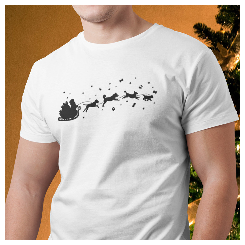 Ez a karácsonyi kutyás férfi póló a jókedv és a kutyás szeretet tökéletes kombinációja!
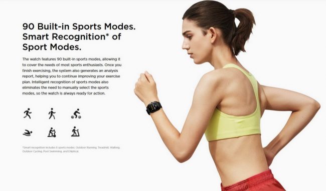 Amazfit GTS 2e được tích hợp hơn 90 chế độ thể thao như chạy bộ, đạp xe, bơi lội… và các môn thể thao trong nhà và ngoài trời phổ biến nhất. Với chức năng nhận dạng thông minh, thiết bị sẽ tự động kích hoạt tính năng theo dõi hoạt động thể chất khi bạn bắt đầu tập luyện. Hệ thống cũng tạo báo cáo phân tích khi bạn hoàn thành mục tiêu đã đặt ra.
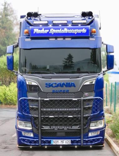 Base en polyester blanc / Pas transparant / Hauteur de 33cm / Pour Scania R/S new generation 2016-> / Prévue avec 5 trous pour monter feux de position d'origine (Pas inclus) /A monter avec trous d'origine. Ce produit nécessite un pré-traitement en un apprêt.
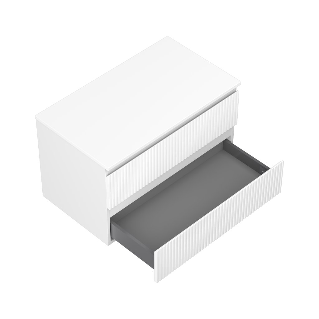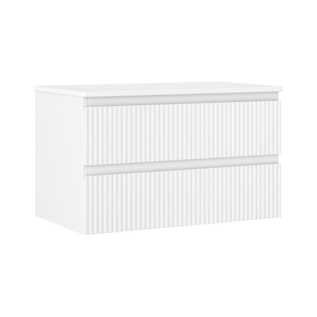 Mexen Rivel, kúpeľňová skrinka 80 cm s pracovnou doskou, 2 zásuvky, drážkovaná, biela matná, 91A20-08047-2-BFFC01
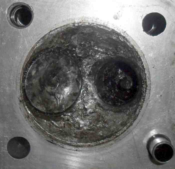 Voici l'état de la culasse. Une soupape c'est fait la malle, et la bougie on ne la voit même plus, complètement martelée. re
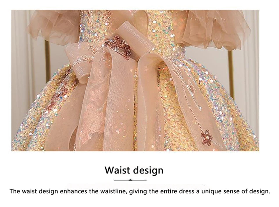 GIRL PRINCESS DRESS OFF THE SHOULDER GOLD SEQUINED
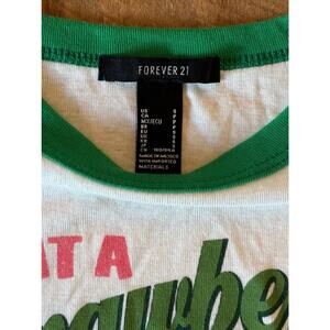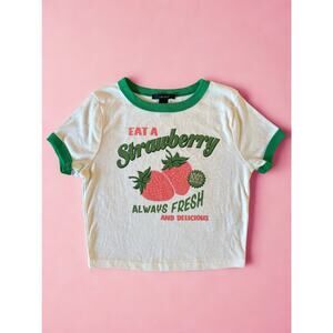 Forever 21 “Eat a Strawberry” Baby Tee | Women’s Small Green Ringer Crop Top
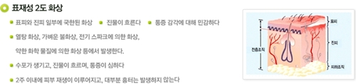 병원 측에 따르면 표재성 2도 화상은 가벼운 불, 열탕, 약한 화학 물질에 의해 발생하는 것으로 수포가 생기고 진물이 흐르며 통증이 심한 편.
________________________
▶ HOW TO COMPLETE THIS TASK: Make an exact copy of the whole listing, but don't bring over any pictures.

▶ ANSWER BOX:
 Ez a karácsonyi kutyás férfi póló a jókedv és a kutyás szeretet tökéletes kombinációja!
 Amazfit GTS 2e được tích hợp hơn 90 chế độ thể thao như chạy bộ, đạp xe, bơi lội… và các môn thể thao trong nhà và ngoài trời phổ biến nhất. Với chức năng nhận dạng thông minh, thiết bị sẽ tự động kích hoạt tính năng theo dõi hoạt động thể chất khi bạn bắt đầu tập luyện. Hệ thống cũng tạo báo cáo phân tích khi bạn hoàn thành mục tiêu đã đặt ra.
 Base en polyester blanc / Pas transparant / Hauteur de 33cm / Pour Scania R/S new generation 2016-> / Prévue avec 5 trous pour monter feux de position d'origine (Pas inclus) /A monter avec trous d'origine. Ce produit nécessite un pré-traitement en un apprêt.
 Mexen Rivel, kúpeľňová skrinka 80 cm s pracovnou doskou, 2 zásuvky, drážkovaná, biela matná, 91A20-08047-2-BFFC01
 Voici l'état de la culasse. Une soupape c'est fait la malle, et la bougie on ne la voit même plus, complètement martelée. re
 GIRL PRINCESS DRESS OFF THE SHOULDER GOLD SEQUINED
 Forever 21 “Eat a Strawberry” Baby Tee | Women’s Small Green Ringer Crop Top
 병원 측에 따르면 표재성 2도 화상은 가벼운 불, 열탕, 약한 화학 물질에 의해 발생하는 것으로 수포가 생기고 진물이 흐르며 통증이 심한 편.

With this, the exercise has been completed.